[Extracted records]

■ ■ ■ ■ ■ ■ ■

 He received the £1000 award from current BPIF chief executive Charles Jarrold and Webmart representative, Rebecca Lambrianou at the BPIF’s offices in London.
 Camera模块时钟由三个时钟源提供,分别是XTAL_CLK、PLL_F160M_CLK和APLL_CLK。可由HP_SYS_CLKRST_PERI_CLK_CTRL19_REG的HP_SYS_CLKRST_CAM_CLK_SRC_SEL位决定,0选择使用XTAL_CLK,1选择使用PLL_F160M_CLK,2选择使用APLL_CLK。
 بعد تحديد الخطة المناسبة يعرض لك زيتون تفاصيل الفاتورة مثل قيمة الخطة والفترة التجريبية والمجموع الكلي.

■ ■ ■ ■ ■ ■ ■

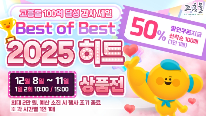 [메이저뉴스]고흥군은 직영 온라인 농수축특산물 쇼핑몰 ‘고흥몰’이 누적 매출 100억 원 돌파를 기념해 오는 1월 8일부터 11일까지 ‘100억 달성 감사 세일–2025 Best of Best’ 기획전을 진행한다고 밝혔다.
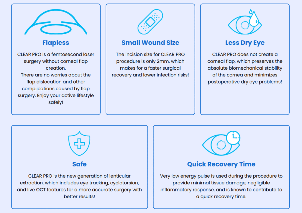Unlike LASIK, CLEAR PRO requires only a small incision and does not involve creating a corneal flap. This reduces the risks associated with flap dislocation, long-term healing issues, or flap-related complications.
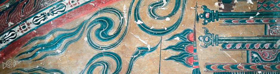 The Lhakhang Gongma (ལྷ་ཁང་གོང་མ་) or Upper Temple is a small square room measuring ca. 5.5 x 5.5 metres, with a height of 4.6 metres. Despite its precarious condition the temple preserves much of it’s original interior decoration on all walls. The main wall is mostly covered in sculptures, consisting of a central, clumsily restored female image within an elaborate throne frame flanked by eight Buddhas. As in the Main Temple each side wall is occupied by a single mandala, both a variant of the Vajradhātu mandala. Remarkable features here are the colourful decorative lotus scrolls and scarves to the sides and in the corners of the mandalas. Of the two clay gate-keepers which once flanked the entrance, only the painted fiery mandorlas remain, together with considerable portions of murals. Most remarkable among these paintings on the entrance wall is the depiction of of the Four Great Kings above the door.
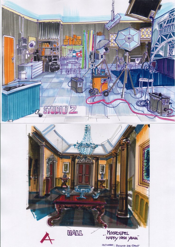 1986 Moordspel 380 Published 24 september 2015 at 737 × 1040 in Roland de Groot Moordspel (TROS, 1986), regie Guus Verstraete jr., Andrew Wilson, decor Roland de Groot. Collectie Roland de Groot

■ ■ ■ ■ ■ ■ ■

[Your task] In the entries above, one line contains "He received the" and another contains "Camera模块时钟由三个时". Reproduce exactly those two lines and the lines between them, nothing else.

[Exercise response]
 He received the £1000 award from current BPIF chief executive Charles Jarrold and Webmart representative, Rebecca Lambrianou at the BPIF’s offices in London.
 Camera模块时钟由三个时钟源提供,分别是XTAL_CLK、PLL_F160M_CLK和APLL_CLK。可由HP_SYS_CLKRST_PERI_CLK_CTRL19_REG的HP_SYS_CLKRST_CAM_CLK_SRC_SEL位决定,0选择使用XTAL_CLK,1选择使用PLL_F160M_CLK,2选择使用APLL_CLK。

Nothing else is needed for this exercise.